## [Information provided]
┏━━

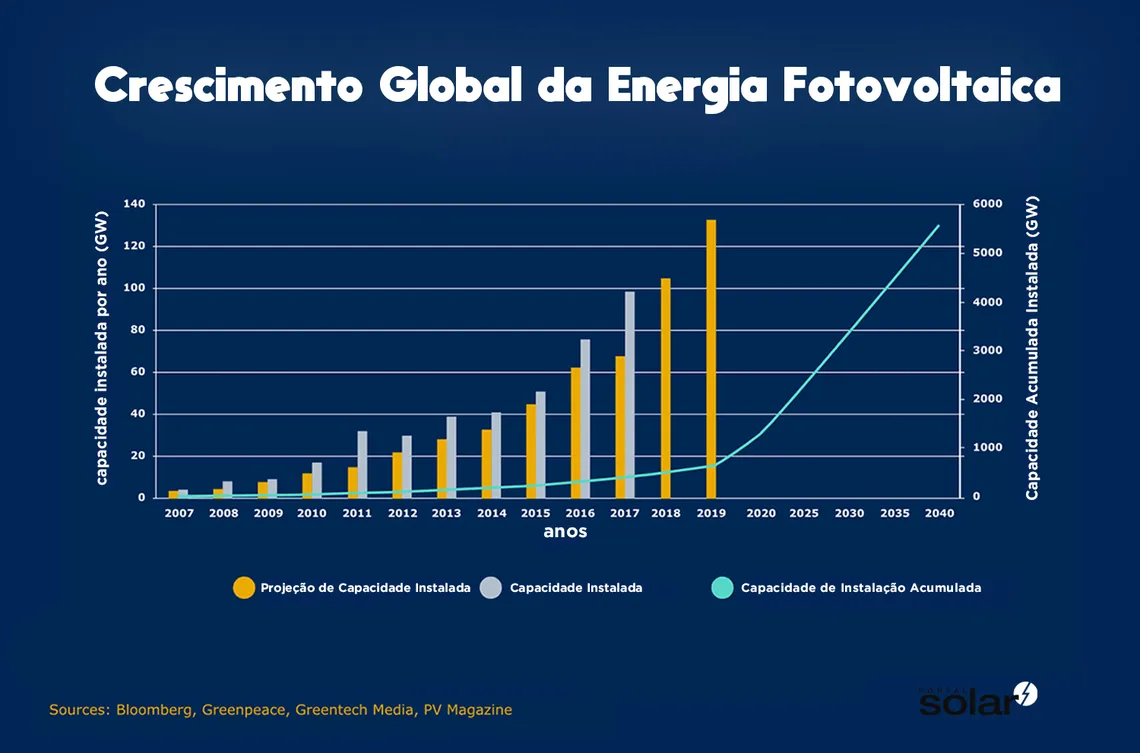 Crescimento do Mercado de Energia Fotovoltaica Produção de energia solar
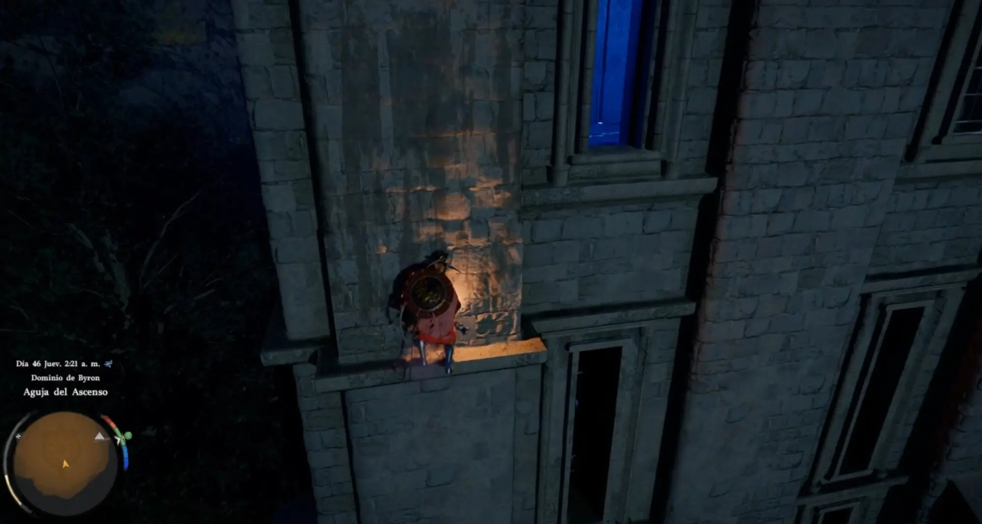 2. Hay dos formas de entrar Opción A: Escala la torre por el exterior hasta encontrar una de las grandes entradas circulares a media altura. Hay puntos de descanso en el camino para recuperar aguante. Opción B: Mira hacia la derecha de la torre, abajo del acantilado. Hay un túnel minero oculto que lleva directamente al sótano de la Aguja
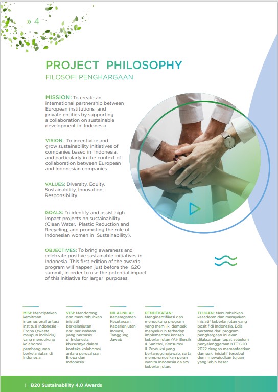 B20 Sustainability 4.0 Awards merupakan bagian dari side events B20 yang merayakan partisipasi pelaku bisnis dan individu yang menanamkan praktik keberlangsungan dalam proses dan strategi bisnis dengan mengintegrasikan aspek lingkungan dan masyarakat. Swiss – Indonesia Chamber of Commerce (SwissCham) bekerja sama dengan Kamar Dagang dan Industri Indonesia (KADIN) dan Kamar Dagang dan Industri Eropa (EuroCham), serta kemitraan bersama kamar dagang lainnya seperti Kamar Dagang Inggris di Indonesia (BritCham), Asosiasi Bisnis Italia di Indonesia (IBAI), Kamar Dagang dan Industri Perancis (IFCCI), Perkumpulan Ekonomi Indonesia Jerman (Ekonid) menyelenggarakan program penghargaan yang bertujuan menanamkan kesadaran akan kelestarian lingkungan dengan cara mengidentifikasi program yang memberikan dampak siginifikan yang diinisiasi sektor bisnis swasta maupun individu yang beroperasi di Indonesia.

┗━━

## [Work instructions]
Render the data above verbatim and without pictures.

## [Worked solution]
 Crescimento do Mercado de Energia Fotovoltaica Produção de energia solar
 2. Hay dos formas de entrar Opción A: Escala la torre por el exterior hasta encontrar una de las grandes entradas circulares a media altura. Hay puntos de descanso en el camino para recuperar aguante. Opción B: Mira hacia la derecha de la torre, abajo del acantilado. Hay un túnel minero oculto que lleva directamente al sótano de la Aguja
 B20 Sustainability 4.0 Awards merupakan bagian dari side events B20 yang merayakan partisipasi pelaku bisnis dan individu yang menanamkan praktik keberlangsungan dalam proses dan strategi bisnis dengan mengintegrasikan aspek lingkungan dan masyarakat. Swiss – Indonesia Chamber of Commerce (SwissCham) bekerja sama dengan Kamar Dagang dan Industri Indonesia (KADIN) dan Kamar Dagang dan Industri Eropa (EuroCham), serta kemitraan bersama kamar dagang lainnya seperti Kamar Dagang Inggris di Indonesia (BritCham), Asosiasi Bisnis Italia di Indonesia (IBAI), Kamar Dagang dan Industri Perancis (IFCCI), Perkumpulan Ekonomi Indonesia Jerman (Ekonid) menyelenggarakan program penghargaan yang bertujuan menanamkan kesadaran akan kelestarian lingkungan dengan cara mengidentifikasi program yang memberikan dampak siginifikan yang diinisiasi sektor bisnis swasta maupun individu yang beroperasi di Indonesia.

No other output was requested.